--- SOURCE DATA ---

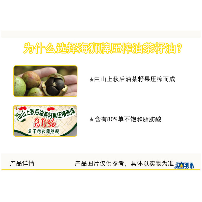 海狮茶籽油山茶油物理压榨一级食用油中华老字号商超同款
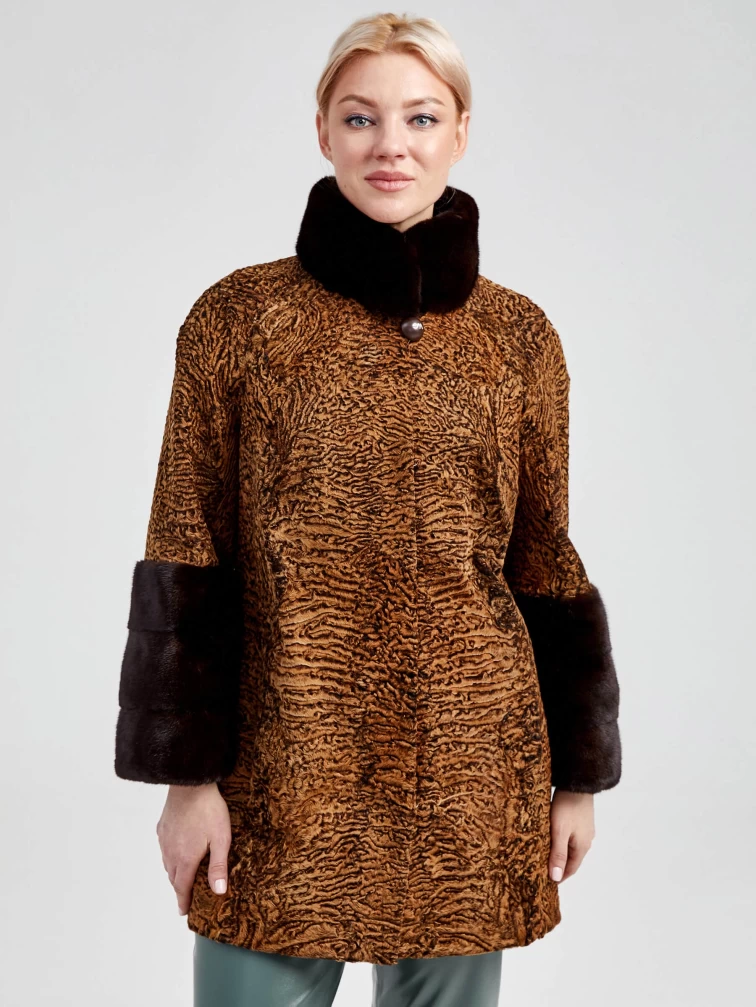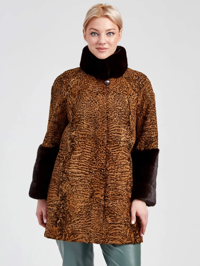 Товар короткая женская шуба из меха каракуля с отделкой норкой 17101к(сн), намибия, размер 44, артикул 22810 выполнен из каракуль с застежкой клипсы. Рассчитан на сезон: осень-зима. Длина изделия 75-90 см, силуэт прямой.
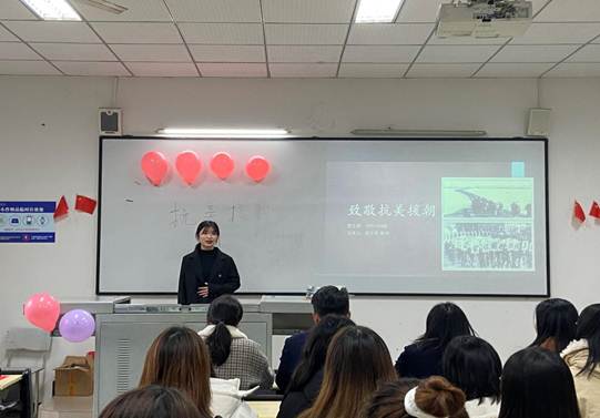 抗美援朝跨国门,鸭绿江上啸马奔。2020年11月24日数字艺术学院网络与新媒体1992304班全体同学在6121教室开展“致敬抗美援朝”主题团日活动。参与本次活动的有党总支书记徐小辉、校团委书记黄涛、团委书记古元碧、团委副书记杨道珍老师。
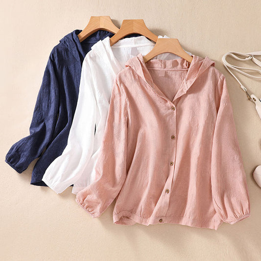 Wygodna, prosta, swobodna koszula z kapturem, długimi rękawami i zapięciem na guziki
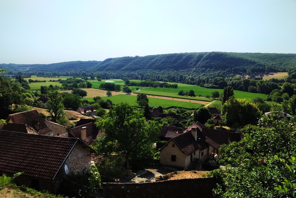 Si je me décide, bien assis sur mon muret, à reprendre cet escalier étroit qui finit par rejoindre l’à-pic de la falaise qui sert d’appui judicieux au château, ou plutôt si j’hésite, c’est parce qu’il regarde la vallée du Lot si verdoyante, si bord-de-fleuve, avec tout ce que cela signifie de richesse, de sève, de chlorophylle gonfle, riche à plus savoir qu’en faire, gorgée de teintes particulières pour chaque espèce, avec un vert pour chacune selon son inclinaison, aussi molle sans doute que les feuilles d’ici parce que le vent ne veut ni ici ni en bas je crois, mais que cette vallée frissonne sous un immense soleil général, chaud d’autant, blanc, parfait, partout, brûlant, mais tant pis, me voilà les cuisses coupées à cause de la position que j’avais sur le mur, et l’escalier souffre à chaque marche, je perds pourtant quelques années à mesure et me voilà là-haut ou presque et.

---

→ **WORK ITEM**:
The listing above must be retyped word for word, without the pictures.

→ **SOLUTION TO THE EXERCISE**:
 海狮茶籽油山茶油物理压榨一级食用油中华老字号商超同款
 Товар короткая женская шуба из меха каракуля с отделкой норкой 17101к(сн), намибия, размер 44, артикул 22810 выполнен из каракуль с застежкой клипсы. Рассчитан на сезон: осень-зима. Длина изделия 75-90 см, силуэт прямой.
 抗美援朝跨国门,鸭绿江上啸马奔。2020年11月24日数字艺术学院网络与新媒体1992304班全体同学在6121教室开展“致敬抗美援朝”主题团日活动。参与本次活动的有党总支书记徐小辉、校团委书记黄涛、团委书记古元碧、团委副书记杨道珍老师。
 Wygodna, prosta, swobodna koszula z kapturem, długimi rękawami i zapięciem na guziki
 Si je me décide, bien assis sur mon muret, à reprendre cet escalier étroit qui finit par rejoindre l’à-pic de la falaise qui sert d’appui judicieux au château, ou plutôt si j’hésite, c’est parce qu’il regarde la vallée du Lot si verdoyante, si bord-de-fleuve, avec tout ce que cela signifie de richesse, de sève, de chlorophylle gonfle, riche à plus savoir qu’en faire, gorgée de teintes particulières pour chaque espèce, avec un vert pour chacune selon son inclinaison, aussi molle sans doute que les feuilles d’ici parce que le vent ne veut ni ici ni en bas je crois, mais que cette vallée frissonne sous un immense soleil général, chaud d’autant, blanc, parfait, partout, brûlant, mais tant pis, me voilà les cuisses coupées à cause de la position que j’avais sur le mur, et l’escalier souffre à chaque marche, je perds pourtant quelques années à mesure et me voilà là-haut ou presque et.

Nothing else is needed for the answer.